Jenna Lyons, the Woman Who Dresses America
By David Colman
January 18, 2013
IT’S hard to miss Jenna Lyons. About nine feet tall and slim as a mink, often eccentrically dressed and wearing the boxy, geek-chic eyewear that has become the most identifiable signature in fashion since Anna Wintour’s bob, the 44-year-old executive creative director of J. Crew was an instantly recognizable presence at the many parties, runway shows and red carpet events she attended during 2012.
...“I know what it’s like not to feel beautiful,” she told the audience, which included hundreds of young girls invited by the magazine. “I remember that feeling.” ...
But with fame came a level of intrusiveness... Ms. Lyons concedes that she is not immune to the joys that fame has brought her. “Do I like the attention?” she said over drinks at Locanda Verde, around the corner from the TriBeCa loft where she lives with her 6-year-old son, Beckett. “Well, of course the narcissist in me will say ‘Yes.’ In all honesty, there is nothing more sweet and moving than when someone comes up to me and says: ‘You’re Jenna Lyons, aren’t you? I love J. Crew.’ That is so nice. I love that. It is amazing.” ...

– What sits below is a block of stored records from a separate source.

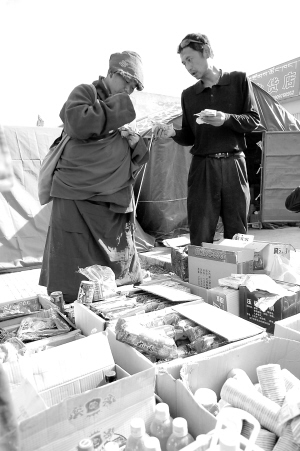 青海玉树地震发生几天后,玉树结古镇胜利路的商铺老板陆续将一些食品、饮料、生活用品等摆放在街头出售,方便群众购买。
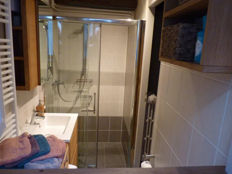 Upstairs: 2 bedrooms each with a double bed (140). 1 separate toilet with hand basin. Included in the price: Heating. Sheets. Household linens. Baby cot. WIRELESS. In addition: Tourist tax Optional service: cleaning package (€50). Gîte not accessible to people with reduced mobility.
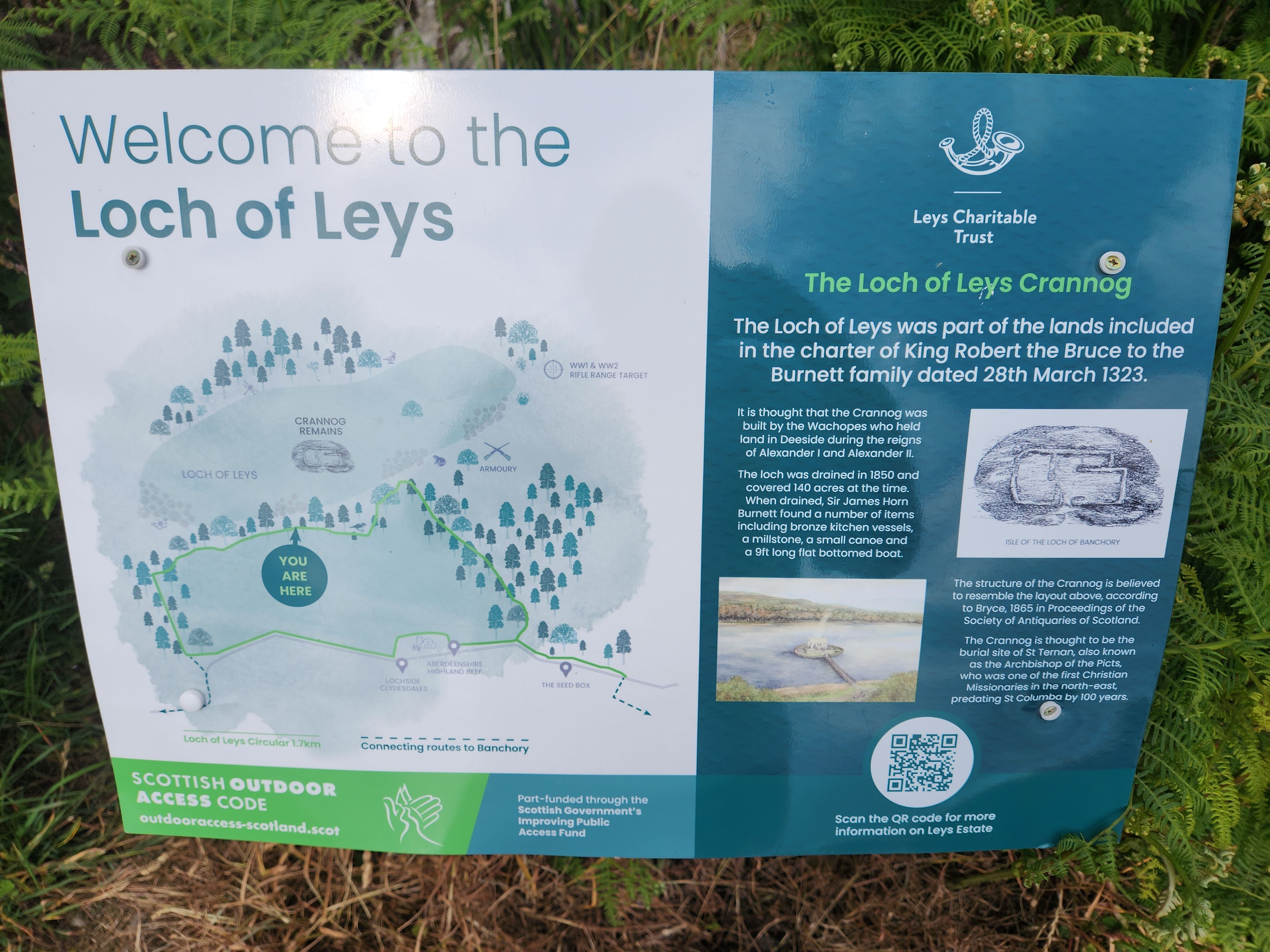 ancient fortalice at the Loch of Leys as a trail was built around the south
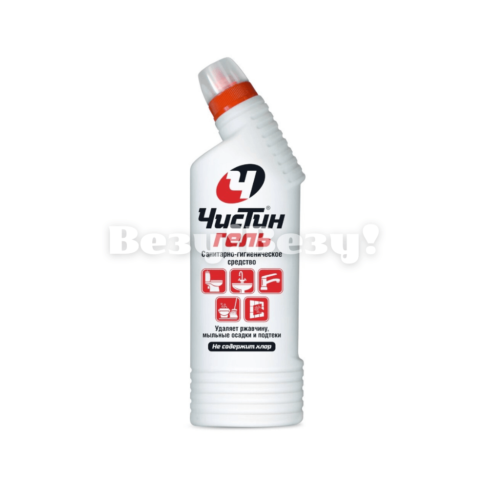 Средство для сантехники Чистин гель 750 г. Назначение. Санитарно-гигиеническое средство удаляет ржавчину, мочевой камень и известковый налет. Удаляет мыльные осадки и подтеки. Не содержит хлор. Способ применения. унитазы - нанести средство под ободок и распределить внутри унитаза, выдержать более 10 минут, почистить и смыть водой. при необходимости обработку повторить. Фаянсовые раковины - обработать средством и смыть водой. Полы (плитка, линолеум), сантехническая арматура, пластмасса - мыть раствором 2-3 колпачка средства на 1 л воды. Меры предосторожности. осторожно! Содержит щавелевую кислоту! При попадании в глаза и на кожу вызывает раздражение! При работе рекомендуется использовать щетку или резиновые перчатки. При попадании на кожу промыть большим количеством воды.
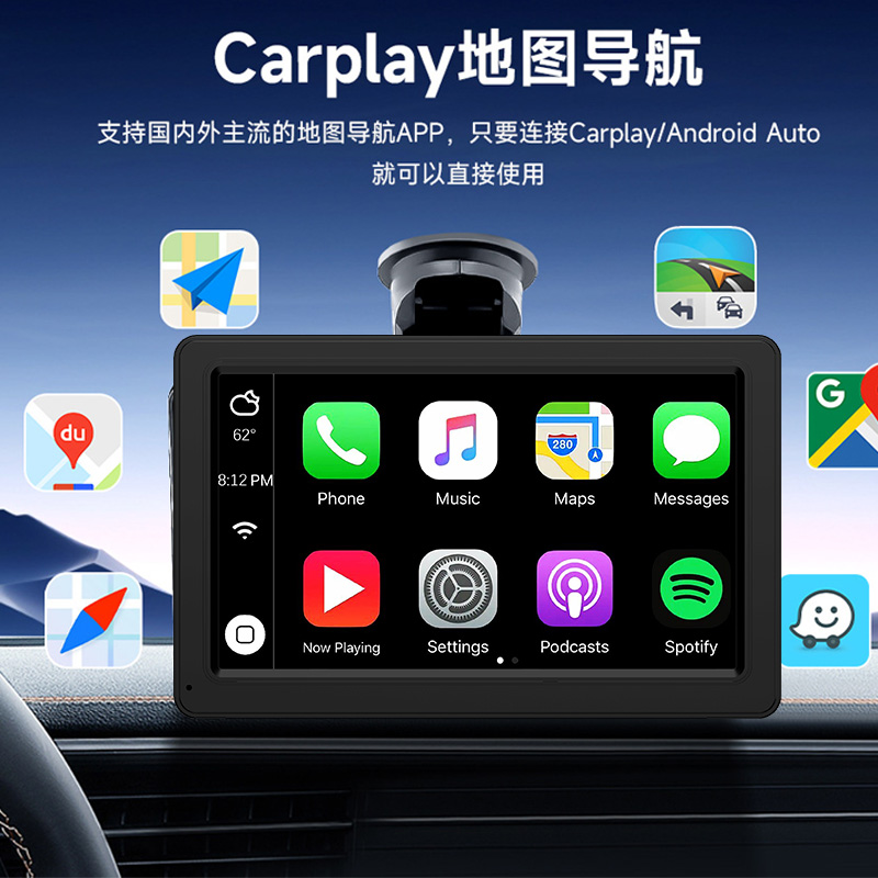 跨境高清7寸便捷式无线carplay车载GPS导航仪车载FM播放器记录仪
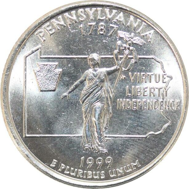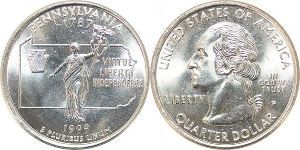 R1815 USA Pennsylvania Quarter 1/4 Dollar Liberty Independance 1787 1999 UNC
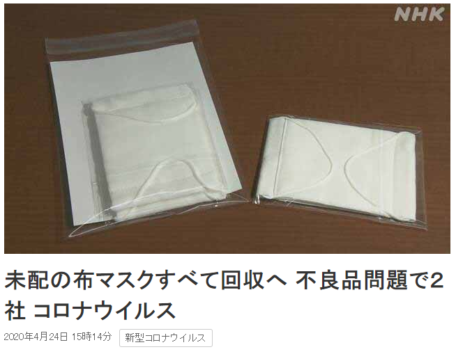 不良品マスクは配布開始数日話題になったが現在何のクレームも無し
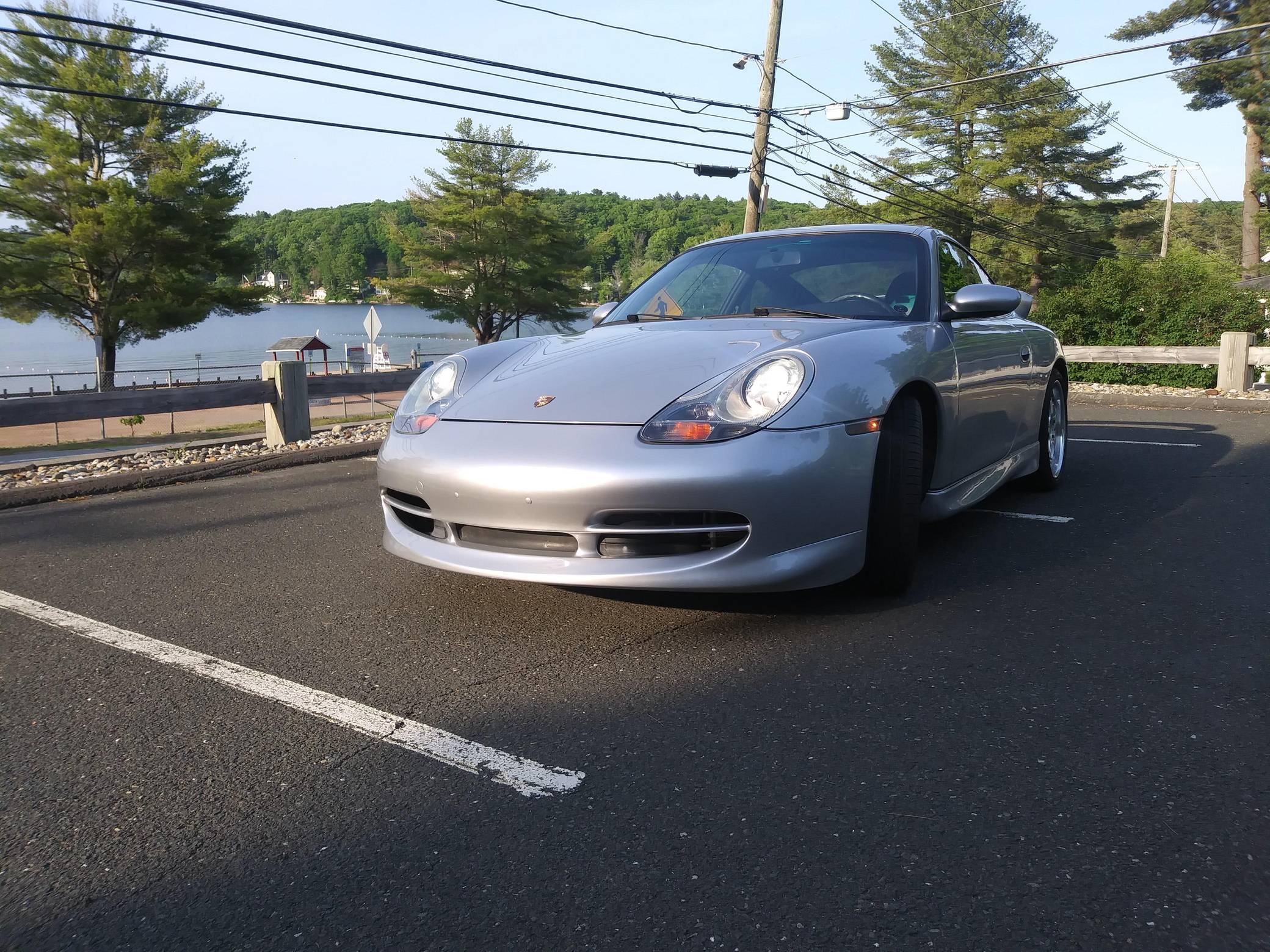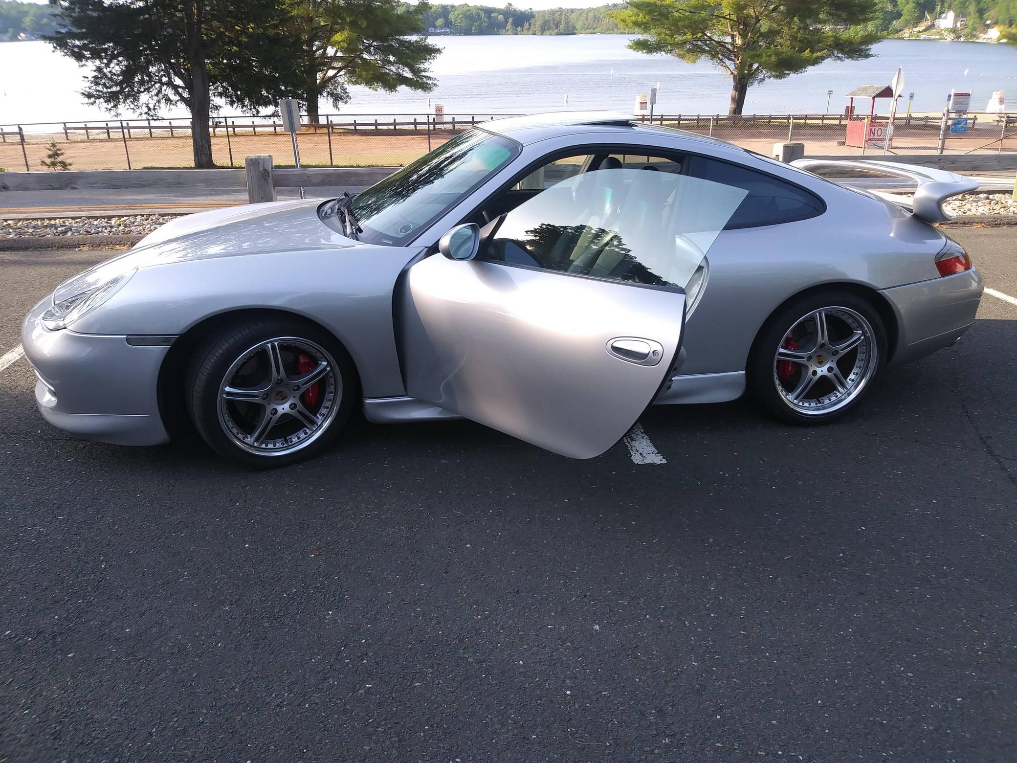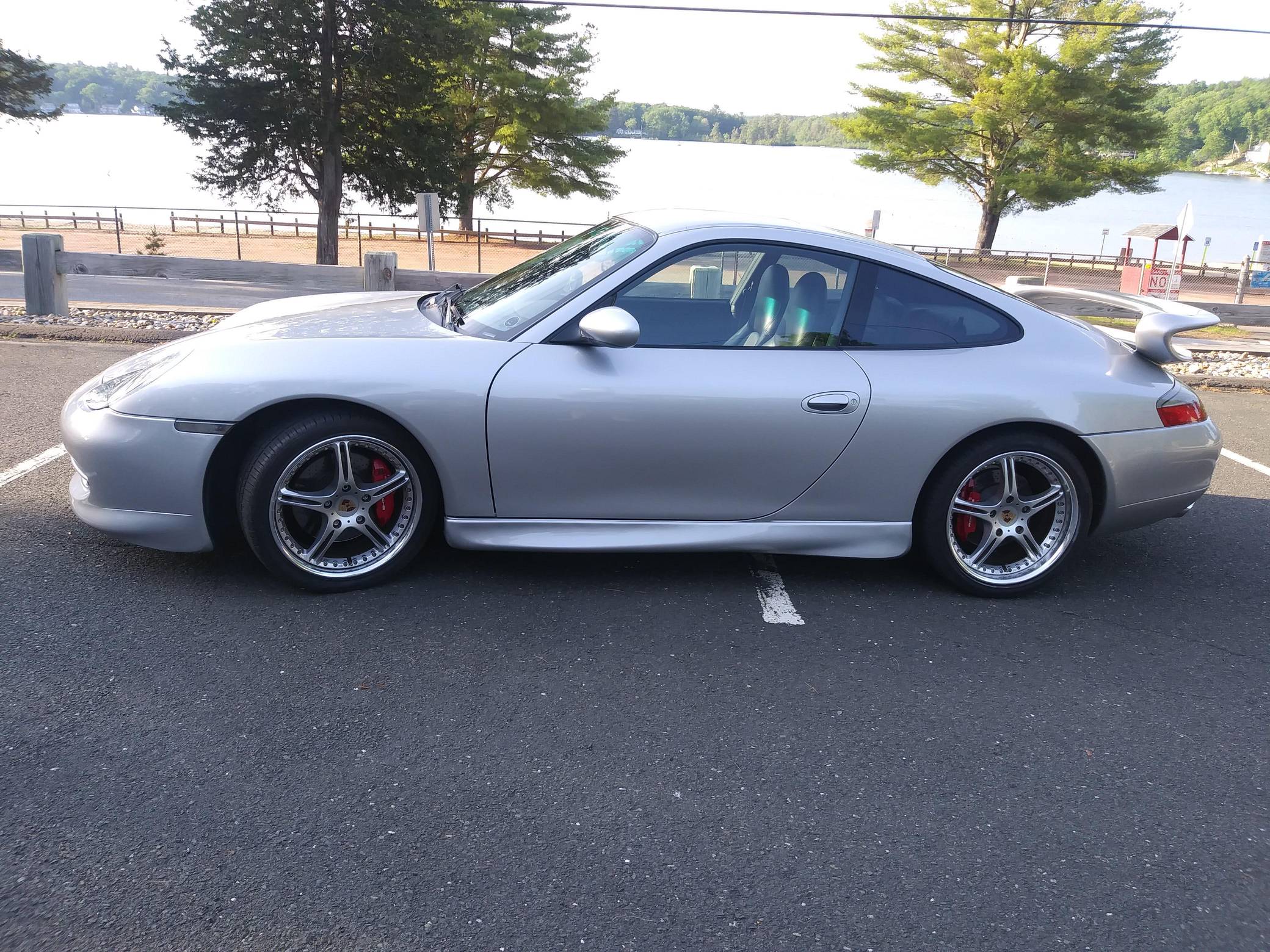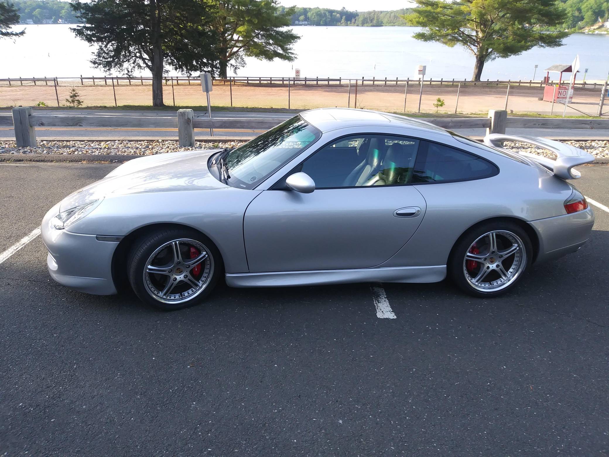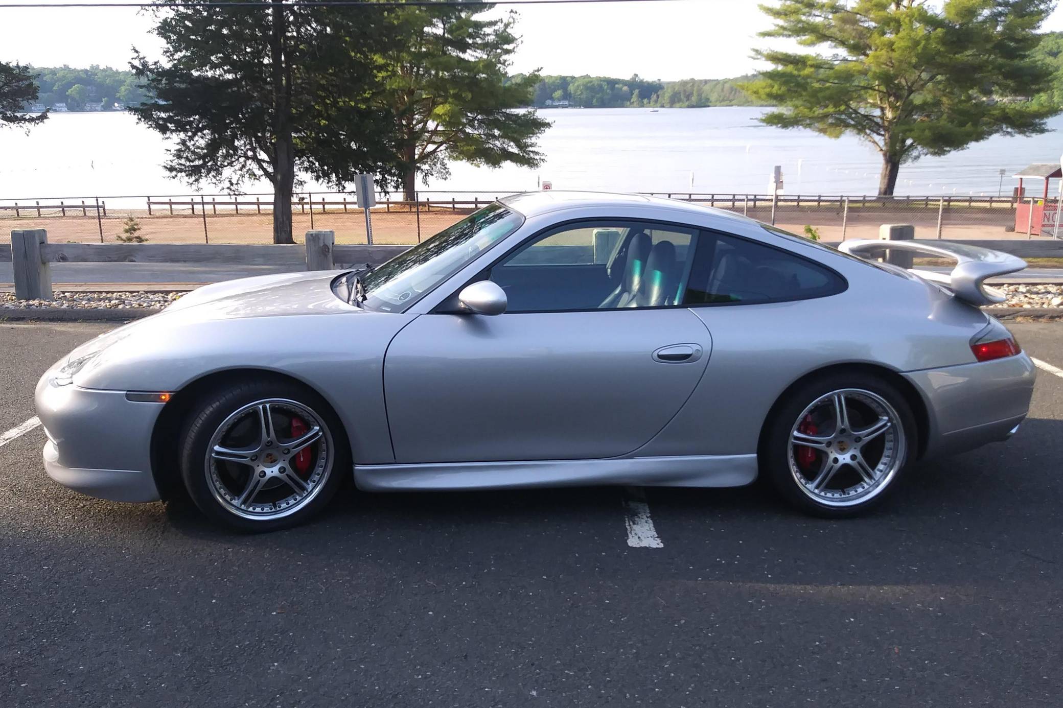 1999 Porsche 911 Carrera, finished in Arctic Silver Metallic with a black interior. This coupe is equipped with the desirable 6-speed manual transmission, and its odometer displays about 56,200 miles. Built in May 1998, this 911 is equipped with the "Aerokit" body kit, a sunroof, leather upholstery, and power-adjustable front seats, among other features. This car's build sheet is pictured in the gallery. Modifications reported by the seller include 18-inch SSR wheels, HID headlights, tinted windows, carbon fiber interior trim, a Sony head unit, and Diamond Audio speakers. More details about the aftermarket parts installed on this 911 are provided below. Porsche introduced the 996-generation 911 for the 1999 model year. New from the ground up, it was the first water-cooled 911 and it stood out from its predecessors with a completely redesigned front end that ditched the round lights. The line-up grew to include coupe, convertible, and Targa models plus numerous variants ranging from the base Carrera to the track-ready GT2. Rear-wheel drive 1999 model year cars, like this one, are the only version of the 996 to come with a cable throttle, as opposed to throttle-by-wire on later cars and all-wheel drive models. Power comes from a 3. 4-liter flat-6, rated at 296 horsepower and 258 lb-ft of torque. It spins the rear wheels via a 6-speed manual transmission.
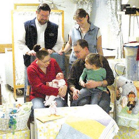 The New Year's baby is celebrated throughout the community. Along with St. John's Hospital employees and Auxiliary members, who provided the new parents with a child car seat, a baby quilt, beanie babies, an afghan handmade by a hospital employee, and a case of diapers — other area businesses and individuals joined in and provided gifts for the new family. Pamida generously donated a stroller, Glacier and First National banks provided $100 savings bonds, Libby Clinic put together a diaper pail full of baby gifts including a baby monitor, and the Community Health Center donated a baby basket filled with newborn accessories.
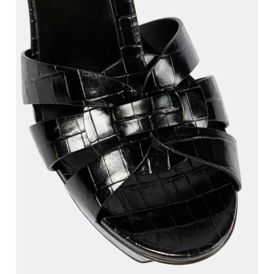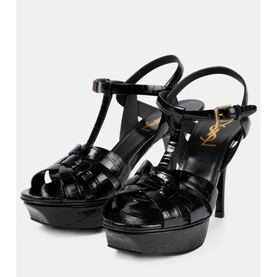Set a new definition for glamour with Saint Laurent’s Tribute sandals. Made from croc-effect, black patent leather, theyโre elevated by platform soles and 105mm stiletto heels, and feature intertwining, caged straps.
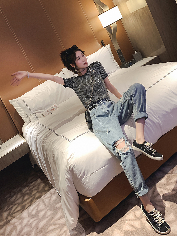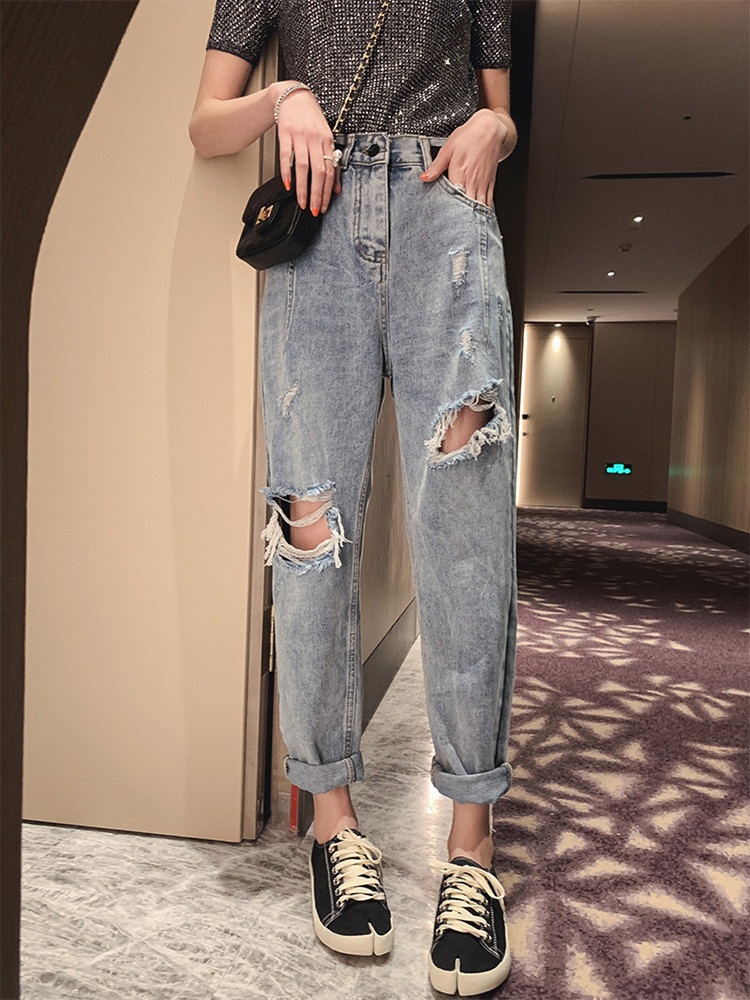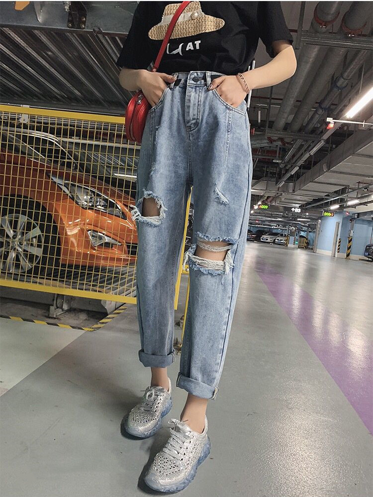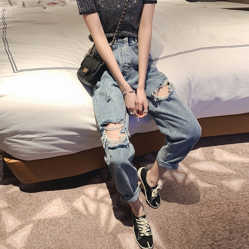 高腰设计,拉长身材比例。高腰牛仔裤,显瘦显腿长。直筒裤型,修饰腿部线条。
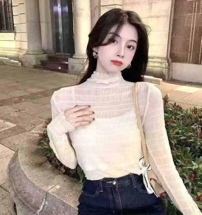 半高领网纱打底衫350件5.9,面料柔软高弹力,木耳边设计,单款5色,码数M-2...
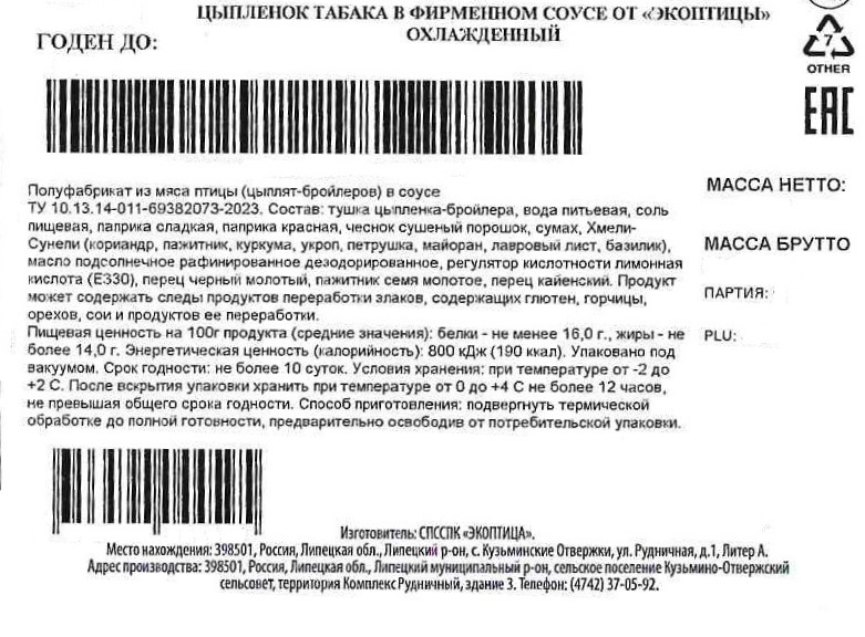 Цыпленок-табака Экоптица в фирменном соусе охлажденный, ~1.25кг

DECEMBER was the 22nd anniversary of Jenna Lyons’s arrival at J. Crew — she has spent exactly half her life there. She started as an assistant designer in men’s wear, fresh out of Parsons, and over the next two decades worked her way to the top. Now, as the company’s president, she oversees every visible part of the company, from the clothes themselves to the look of the stores, the catalogs and the Web site. One might call her today’s answer to Tom Ford, who almost two decades ago undertook the reinvention of another swamped brand, Gucci. ...
That is no understatement. Ms. Lyons does indeed come across as her unvarnished self, whether she is squealing with delight over a sparkly bit of jewelry or crisply reeling off the elements, ideas and merits of a new collection in a business meeting.
When it is suggested that she could be described as equal parts fashion insider and outsider, she scoffed.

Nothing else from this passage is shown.